▶ _Task details_
From the data below, return only the lines from the one with "The Cullinanes of" through the one with "4K-Upscaling, HDR10+, HLG, zintegrowany", exact and inclusive, with pictures left out.

▶ _Information provided_
-*-*-
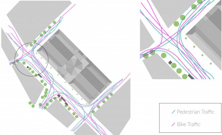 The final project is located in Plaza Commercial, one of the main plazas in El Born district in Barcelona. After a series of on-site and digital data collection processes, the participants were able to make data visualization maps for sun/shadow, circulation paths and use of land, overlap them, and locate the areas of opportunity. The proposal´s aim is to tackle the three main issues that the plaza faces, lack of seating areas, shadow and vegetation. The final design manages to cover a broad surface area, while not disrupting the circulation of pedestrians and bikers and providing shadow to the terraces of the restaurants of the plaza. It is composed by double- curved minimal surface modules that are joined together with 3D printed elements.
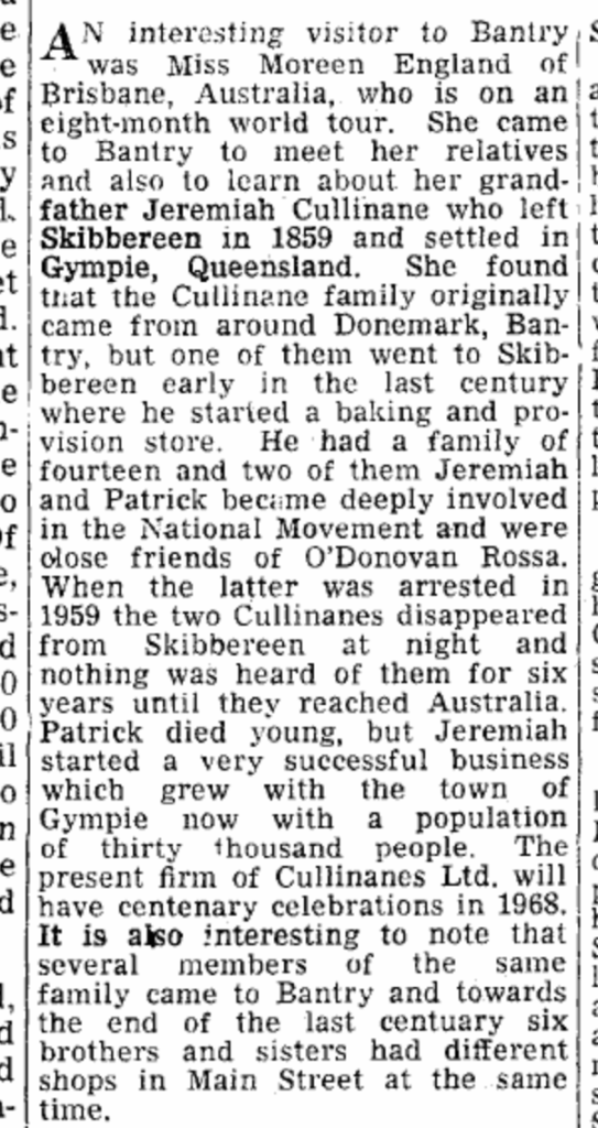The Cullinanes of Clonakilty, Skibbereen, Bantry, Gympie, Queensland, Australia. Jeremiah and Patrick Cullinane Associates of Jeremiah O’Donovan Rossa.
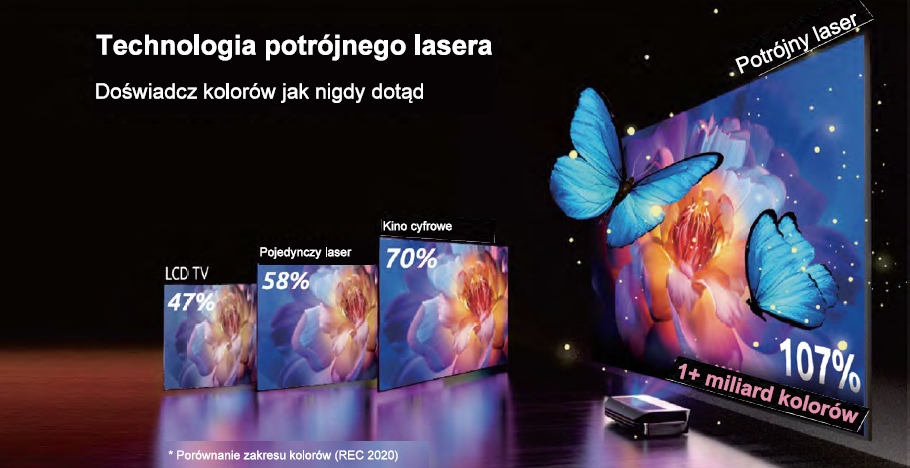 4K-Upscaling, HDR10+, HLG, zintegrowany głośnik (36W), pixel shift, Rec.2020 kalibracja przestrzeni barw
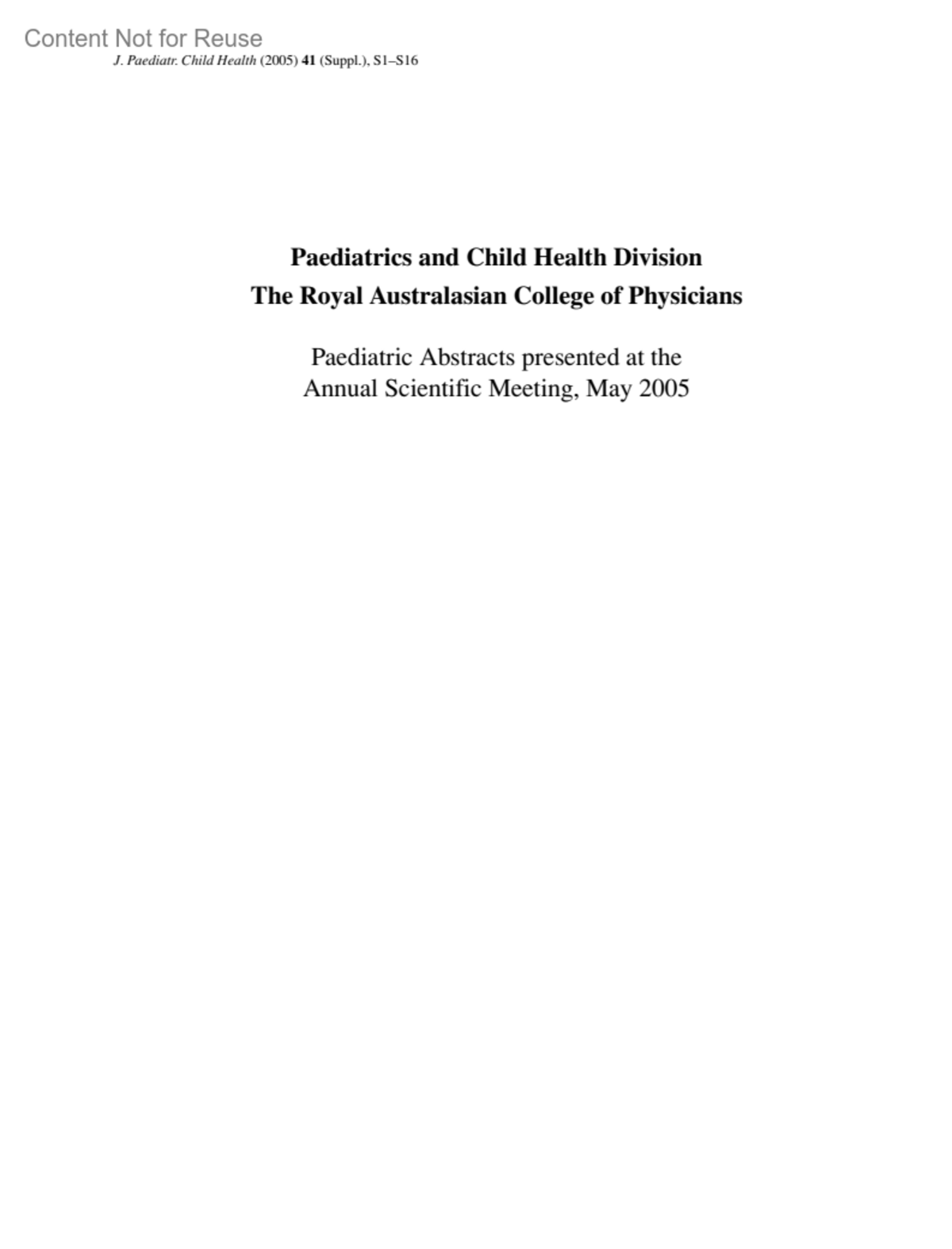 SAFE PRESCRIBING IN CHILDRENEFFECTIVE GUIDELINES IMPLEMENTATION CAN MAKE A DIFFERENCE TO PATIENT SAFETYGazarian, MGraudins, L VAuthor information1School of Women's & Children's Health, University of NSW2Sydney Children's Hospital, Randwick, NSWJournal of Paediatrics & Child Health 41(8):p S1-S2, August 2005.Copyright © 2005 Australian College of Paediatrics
-*-*-
▶ _Output of the exercise_
The Cullinanes of Clonakilty, Skibbereen, Bantry, Gympie, Queensland, Australia. Jeremiah and Patrick Cullinane Associates of Jeremiah O’Donovan Rossa.
 4K-Upscaling, HDR10+, HLG, zintegrowany głośnik (36W), pixel shift, Rec.2020 kalibracja przestrzeni barw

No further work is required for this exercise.